I tried to chage in InputArgs.txt from (see https://github.com/dmwm/CRABClient/issues/5276#issuecomment-1910334013)
--scriptArgs=[""exitCode=666"", ""gotArgs=Yes""]
to
--scriptArgs=["exitCode=666", "gotArgs=Yes"]
but that is somehow mishandled in passing from CLI to bash to python since CMSRunAnalysis.py receives
'--scriptArgs=["exitCode=666",' '"gotArgs=Yes"]'
and likely because of the embedded ' '
fails in json.loads
but removing the blank appears to do it !
bottom line seems that error needs to be fixed in DagmanCreator
is maybe better to replace InputArgs.txt with a JSON file ?

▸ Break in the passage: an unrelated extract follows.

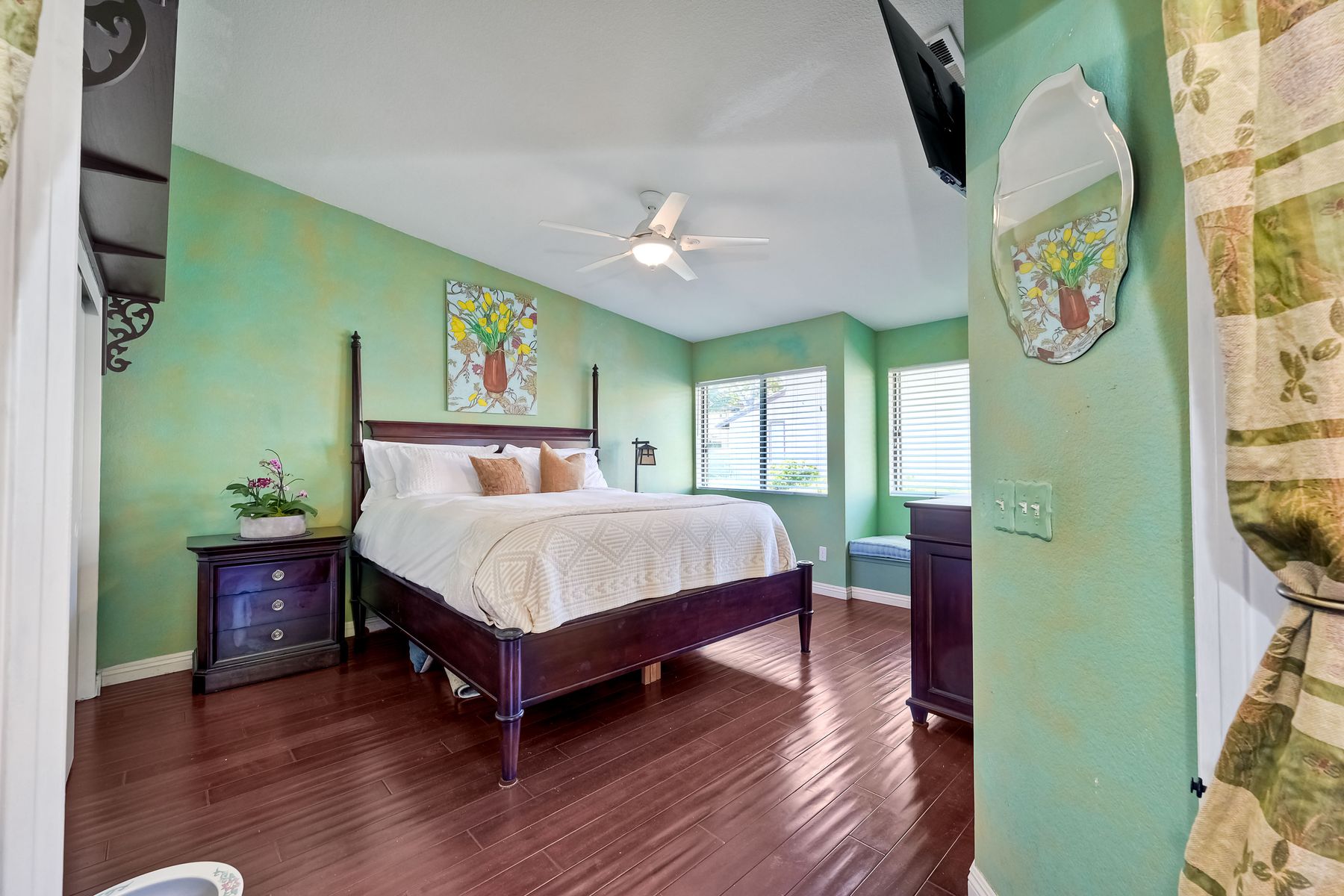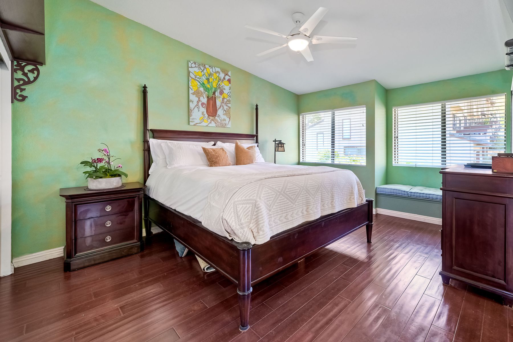 Spectacular opportunity to live in a turnkey, tastefully appointed end unit townhome nestled into the Woodlands community of Fire Mountain! Whether sipping coffee on the balcony, enjoying an adult beverage at the magical outdoor patio or relaxing inside - you will feel as though you've been whisked away to a Tuscan villa! Amazing Cherrywood flooring throughout with tile in bathrooms and kitchen, granite counters and custom faux painted walls are reminiscent of what you might find that Paris flat you've always dreamed of! Be assured -you will be more impressed in person that you are by the professionally taken photos. Every room has been thoughtfully painted to create warmth and an ambiance that wraps itself around you like a blanket! Add to that: a furnace that was replaced 2 years ago, a 3-yr old water heater and an attached 2-car garage with plenty of storage. The Woodlands community is within walking distance of Trader Joe's, Buffalo WW's, World Market, several coffee shops, multiple restaurants, banks, dry cleaners, The Shoppes at Carlsbad, not to mention - a 15-minute drive to either the bustling South O'Side community OR downtown Carlsbad. When it comes to location - you could hit the jackpot both with this home and the Woodlands location! HOA dues cover: Pool, trash, water, common area maintenance, exterior building maintenance, roof, termite inspection, exterior termite treatment.

also there are two conversion to JSON now, which is fishy https://github.com/dmwm/CRABServer/blob/fac9dfed305043a0d1ee6cfc54cbc5072dbf6750/src/python/TaskWorker/Actions/DagmanCreator.py#L710 https://github.com/dmwm/CRABServer/blob/fac9dfed305043a0d1ee6cfc54cbc5072dbf6750/src/python/TaskWorker/Actions/DagmanCreator.py#L718
I tried to avoid the double conversion and then other "hacks", but found no goo way to pass something like
--scriptArgs="['exitCode=666', 'gotArgs=Yes']"
to CMSRunAnalysis.sh and then to CMSRunAnalysis.py w/o bash introducing escapes (\
) which eventually confuse things.
I now think that best way is to avoid the InputArgs.txt
file, put the JSON file (currently input_args.json
) prepared by DagmanCreator in the local
dir and have run_job.sh
pass it as argument. Which means introduce a new argument "--argFile" for CMSRunAnalysis.py and when that is present parse the JSON inside python.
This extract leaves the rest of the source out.